She showed a slide depicting the magnitude at which a mine digs deep into the earth and declared that this land, according to the Anishinaabe perspective, is a child of the earth. The solution to this destruction has already been partly mapped out, LaDuke affirmed, by Native American culture.

Instead of quantifying success on the basis of Gross Domestic Product, Gross National Product and levels of consumption, as the federal government does, LaDuke suggested that we need to look for “access to natural resources, health, education levels and relationships.”

LaDuke has already worked to rebuild, or in her words, “souped up on steroids,” a used wind turbine from California that powers a school on her reservation. The skills to produce this sustainable equipment came from a retired war veteran with a master’s degree in engineering. Lawrence will soon be taking advantage of this technology with the wind turbine at Björklunden.

LaDuke believes that “students should seek opportunities to broaden their thinking beyond the four walls of a college” and to apply their learned critical thinking skills.

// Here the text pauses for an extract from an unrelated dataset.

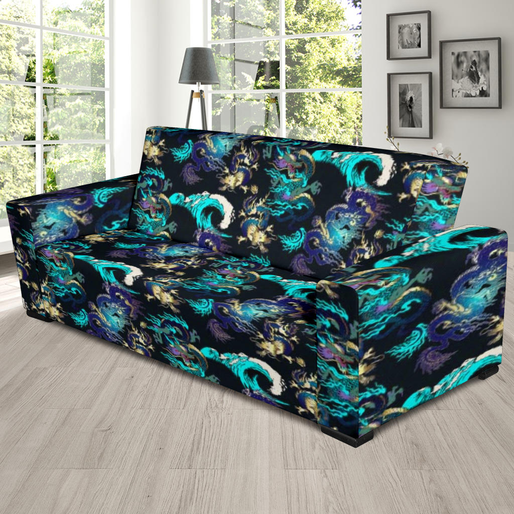 Dragon sea wave pattern Sofa Slipcover is a uniqued design and limited item. It made to order, hand printed, and sewn with love in our factory.

Freshman Sarah Jane Rennick was inspired from the presentation and supposed that “opening our minds to a different, multi-cultural point of view could make dramatic changes in the way we run our lives.”

LaDuke presented her audience with a prophecy from her Anishinaabe teachings: “We would arrive at a time where we would be conscience again and we would be posed with two paths, one path was well worn and it was scorched, one path was not well worn but it was green.”

She added, “That is where we are as Americans.”